What's going on here? Why do these Republicans feel compelled to politicize a critical problem that should be the business of all humankind to address?

It's a mystery, maybe. But sometimes the crime is committed by one of the usual suspects. For instance, last week, Bonner Cohen , a senior fellow at the National Center for Public Policy Research, claimed on C-Span that (as reported by Think Progress): the “vast majority” of climatologists are “agnostic” on global warming. Bonner explained that meant they weren’t convinced “there is a causal relationship between emissions of greenhouse gases and [warming] the climate.”

Such a statement is mind-boggling. To question evidence or methodology of some study, even to distort studies by selective use of statistics and graphs, is all pretty standard technique. But to state with a straight face such a huge lie--nobody would get away with that in high school debate. Not only Oreskes study but the Intergovernmental Panel on Climate Change makes it clear to everyone (including TIME, Newsweek, ABC News, etc.) that most if not all climatologists are dead convinced--even those who were skeptical a decade ago. But apparently this is how this country is being run, and the world's future is being destroyed.

And indeed, (Think Progress reports), when a caller to C-Span's National Journal challenged Cohen to name one--just ONE--climatologist who wasn't convinced the Climate Crisis is real, he couldn't do it. He went from asserting a VAST MAJORITY to being unable to name ONE.

As for the "usual suspects," when Think Progress claimed that Cohen's group was "paid by the fossil fuel industry to distort the facts about global warming and other environmental issues," the group claimed libel, though Think Progress claims that Cohen himself admitted to fossil fuel industry related financing, on the air.

Meanwhile...

The huge ice cap that covers Greenland is melting faster than ever before on record, three times faster than just five years ago. The consequence is already evident in a small but ominous rise in sea levels around the world, a pace that is also accelerating, the scientists say.

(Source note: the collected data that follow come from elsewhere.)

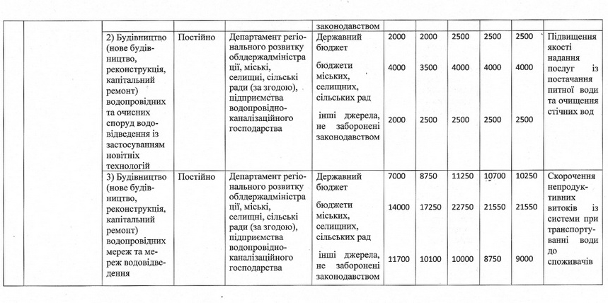 будівництво (нове будівництво, реконструкція, капітальний ремонт) водопровідних та очисних споруд водовідведення із застосуванням новітніх технологій;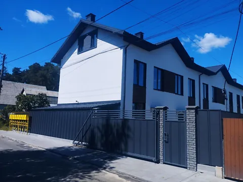 Таунхаус м. Ірпінь вул. Шкарівських 12 біля парку центральний . Площа 75 метрів з власною земельною ділянкою 1 сотка. 2 поверхи , 3 кімнати, велика кухня- вітальня з виходом на терасу, паркомісце для автомобіля.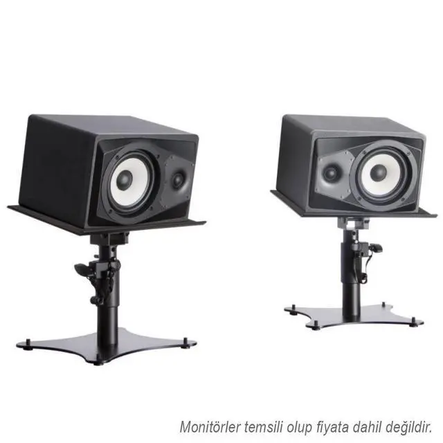 Perfect for mixing desks, this pair of our SMS4500-P Desktop Monitor Stands provides stable support for small speakers while reducing tabletop rumble and soundwave reflections. Adjustable height and platform angle facilitate precise speaker placement to optimize sound in a variety of spaces. Padding on the platforms protects speaker cabinets and rubber feet on the bases dampen vibrations.

The most powerful typhoon to hit China in 50 years killed more than a hundred people, demolished 50,000 homes and displaced a million and a half people. Winds topped 170 mph. It was the second killer typhoon in a week. The previous one killed 80 people.

The "Dead Zone" in the Pacific off the northern U.S. coast is larger than originally thought. Oregon State University scientists looking for weather changes that could reverse the situation aren't finding them, and they say levels of dissolved oxygen critical to marine life are the lowest since the first dead zone was identified in 2002. It has returned every year. The Dead Zone starves oxygen from the water and has led to the dieoff of crabs and fish. Scientists have linked the phenomenon to the Climate Crisis.

But if Climate Crisis deniers and their enablers in big money energy and the decadent right wing Republican party are fighting furiously against dealing with problems that are destroying the future, others are taking action without them. The Washington Post is the latest to report this:

With Washington lawmakers deadlocked on how best to curb global warming, state and local officials across the country are adopting ambitious policies and forming international alliances aimed at reducing greenhouse gases.

The initiatives, which include demands that utilities generate some of their energy using renewable sources and mandates for a reduction in emissions from motor vehicles, have emboldened clean-air advocates who hope they will form the basis for broader national action.

This has the additional benefit of putting pressure on big companies to seek federal mandates because dealing with separate regulations in various places can be more expensive. Still, state and local experiments can test what works best, at least in the short run. It's still a process fraught with danger and frustration, without the national leadership to build a consensus of seriousness, so that there is accountability, and attempts to paper over regulations that are designed to be ineffective with clever names can be stopped before they start.

It's way past time to get serious about this, beyond greed and politics.